[Start of section]

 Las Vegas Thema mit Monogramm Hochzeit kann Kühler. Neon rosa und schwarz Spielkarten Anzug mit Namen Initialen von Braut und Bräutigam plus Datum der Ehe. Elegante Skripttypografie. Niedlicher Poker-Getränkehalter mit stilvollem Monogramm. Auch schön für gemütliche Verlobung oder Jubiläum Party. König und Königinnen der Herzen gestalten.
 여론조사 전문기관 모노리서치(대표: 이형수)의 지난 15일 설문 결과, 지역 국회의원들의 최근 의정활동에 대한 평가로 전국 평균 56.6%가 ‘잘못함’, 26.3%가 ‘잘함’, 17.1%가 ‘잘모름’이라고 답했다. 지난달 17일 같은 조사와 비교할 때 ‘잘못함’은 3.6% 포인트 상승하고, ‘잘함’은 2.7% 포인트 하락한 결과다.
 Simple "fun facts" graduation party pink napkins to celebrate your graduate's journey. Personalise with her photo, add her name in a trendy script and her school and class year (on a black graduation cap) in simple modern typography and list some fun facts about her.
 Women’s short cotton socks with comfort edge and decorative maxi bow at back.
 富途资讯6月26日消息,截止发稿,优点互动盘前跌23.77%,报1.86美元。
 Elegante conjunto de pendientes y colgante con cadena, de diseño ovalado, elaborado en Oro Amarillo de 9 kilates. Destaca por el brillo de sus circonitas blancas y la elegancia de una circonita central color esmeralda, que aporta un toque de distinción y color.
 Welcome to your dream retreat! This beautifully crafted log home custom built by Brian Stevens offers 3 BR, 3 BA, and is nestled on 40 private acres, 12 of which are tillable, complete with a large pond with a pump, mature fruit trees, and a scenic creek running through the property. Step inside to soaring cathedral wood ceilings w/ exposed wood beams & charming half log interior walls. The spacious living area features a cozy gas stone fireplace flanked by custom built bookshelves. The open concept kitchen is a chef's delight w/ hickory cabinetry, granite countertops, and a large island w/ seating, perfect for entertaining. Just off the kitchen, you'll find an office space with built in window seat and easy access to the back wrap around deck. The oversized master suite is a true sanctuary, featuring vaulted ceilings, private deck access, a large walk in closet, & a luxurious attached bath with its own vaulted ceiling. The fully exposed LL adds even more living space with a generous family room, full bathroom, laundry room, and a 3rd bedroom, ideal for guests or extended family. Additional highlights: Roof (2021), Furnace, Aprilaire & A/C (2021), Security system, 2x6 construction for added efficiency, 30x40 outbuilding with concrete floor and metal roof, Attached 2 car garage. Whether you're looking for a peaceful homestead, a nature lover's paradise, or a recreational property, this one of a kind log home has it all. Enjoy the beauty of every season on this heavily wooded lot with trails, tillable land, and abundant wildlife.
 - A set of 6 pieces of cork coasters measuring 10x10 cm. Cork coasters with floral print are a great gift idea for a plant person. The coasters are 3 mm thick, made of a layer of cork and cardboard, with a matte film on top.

[End of section]

### Assigned task
Each entry above is to be set down again in exactly the same words.

### Solution to this exercise
 Las Vegas Thema mit Monogramm Hochzeit kann Kühler. Neon rosa und schwarz Spielkarten Anzug mit Namen Initialen von Braut und Bräutigam plus Datum der Ehe. Elegante Skripttypografie. Niedlicher Poker-Getränkehalter mit stilvollem Monogramm. Auch schön für gemütliche Verlobung oder Jubiläum Party. König und Königinnen der Herzen gestalten.
 여론조사 전문기관 모노리서치(대표: 이형수)의 지난 15일 설문 결과, 지역 국회의원들의 최근 의정활동에 대한 평가로 전국 평균 56.6%가 ‘잘못함’, 26.3%가 ‘잘함’, 17.1%가 ‘잘모름’이라고 답했다. 지난달 17일 같은 조사와 비교할 때 ‘잘못함’은 3.6% 포인트 상승하고, ‘잘함’은 2.7% 포인트 하락한 결과다.
 Simple "fun facts" graduation party pink napkins to celebrate your graduate's journey. Personalise with her photo, add her name in a trendy script and her school and class year (on a black graduation cap) in simple modern typography and list some fun facts about her.
 Women’s short cotton socks with comfort edge and decorative maxi bow at back.
 富途资讯6月26日消息,截止发稿,优点互动盘前跌23.77%,报1.86美元。
 Elegante conjunto de pendientes y colgante con cadena, de diseño ovalado, elaborado en Oro Amarillo de 9 kilates. Destaca por el brillo de sus circonitas blancas y la elegancia de una circonita central color esmeralda, que aporta un toque de distinción y color.
 Welcome to your dream retreat! This beautifully crafted log home custom built by Brian Stevens offers 3 BR, 3 BA, and is nestled on 40 private acres, 12 of which are tillable, complete with a large pond with a pump, mature fruit trees, and a scenic creek running through the property. Step inside to soaring cathedral wood ceilings w/ exposed wood beams & charming half log interior walls. The spacious living area features a cozy gas stone fireplace flanked by custom built bookshelves. The open concept kitchen is a chef's delight w/ hickory cabinetry, granite countertops, and a large island w/ seating, perfect for entertaining. Just off the kitchen, you'll find an office space with built in window seat and easy access to the back wrap around deck. The oversized master suite is a true sanctuary, featuring vaulted ceilings, private deck access, a large walk in closet, & a luxurious attached bath with its own vaulted ceiling. The fully exposed LL adds even more living space with a generous family room, full bathroom, laundry room, and a 3rd bedroom, ideal for guests or extended family. Additional highlights: Roof (2021), Furnace, Aprilaire & A/C (2021), Security system, 2x6 construction for added efficiency, 30x40 outbuilding with concrete floor and metal roof, Attached 2 car garage. Whether you're looking for a peaceful homestead, a nature lover's paradise, or a recreational property, this one of a kind log home has it all. Enjoy the beauty of every season on this heavily wooded lot with trails, tillable land, and abundant wildlife.
 - A set of 6 pieces of cork coasters measuring 10x10 cm. Cork coasters with floral print are a great gift idea for a plant person. The coasters are 3 mm thick, made of a layer of cork and cardboard, with a matte film on top.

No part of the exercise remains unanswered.